1. The application of an N,P-doped titanium carbide nanoquantum dot fluorescent probe in the detection of tetracycline, characterized in that, The sample containing tetracycline to be detected was added to the N,P-doped titanium carbide nanoquantum dot fluorescent probe, and the intensity of the fluorescence emission peak of the fluorescent probe at 420 nm was tested at an excitation wavelength of 330 nm.
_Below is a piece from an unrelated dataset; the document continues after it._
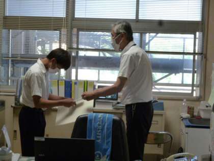 陸上部は、9/19(日)ヤンマーフィールド長居で行われた大阪市秋季総体で、1年田中さんが100mで3位、1年上平さんが800mで2位、2年井上君が800mで1位で賞状を授与されました。

The preparation method of the N,P-doped titanium carbide nanoquantum dot fluorescent probe includes the following steps: 1) Disperse Ti3AlC2 in HF and stir at 30~35℃ for 40~48h to obtain a black suspension. Centrifuge the obtained black suspension at 7000~8000 rpm for 5~10min and wash the black suspension with deionized water until neutral. Dry the obtained black solid in a vacuum drying oven at 60℃ for 24~36h to obtain single-layer or multi-layer Ti3C2Tx powder. 2) Disperse Ti3C2Tx powder in deionized water, sonicate for 15-24 hours, and freeze-dry to obtain Ti3C2-Mxene nanosheets; 3) Dissolve Ti3C2-Mxene and diammonium phosphate in deionized water and sonicate for 30-45 min. Then add ethylenediamine to the mixture at a rate of 0.5-1 mL per 10 mL of mixture. Perform hydrothermal reaction at 120-160 °C for 4-8 h. Filter the solution using a 220 nm polyethersulfone needle filter. Dialyze the resulting filtrate in a dialysis bag with a molecular weight retention of 1000 Da for 10-12 h to obtain N,P-Ti3C2Mxene. The mass ratio of Ti3C2-Mxene to diammonium phosphate is 1:1 to 1.5:1, and the mass concentration of diammonium phosphate in deionized water is 0.01-0.015 g / mL.

2. The application of the N,P-doped titanium carbide nanoquantum dot fluorescent probe as described in claim 1 in the detection of tetracycline, characterized in that, In step 1), the mass concentration of Ti3AlC2 in HF is 0.05~0.1 g / mL.

3. The application of the N,P-doped titanium carbide nanoquantum dot fluorescent probe as described in claim 1 in the detection of tetracycline, characterized in that, In step 2), the mass concentration of Ti3C2Tx in deionized water is 0.015~0.025 g / mL.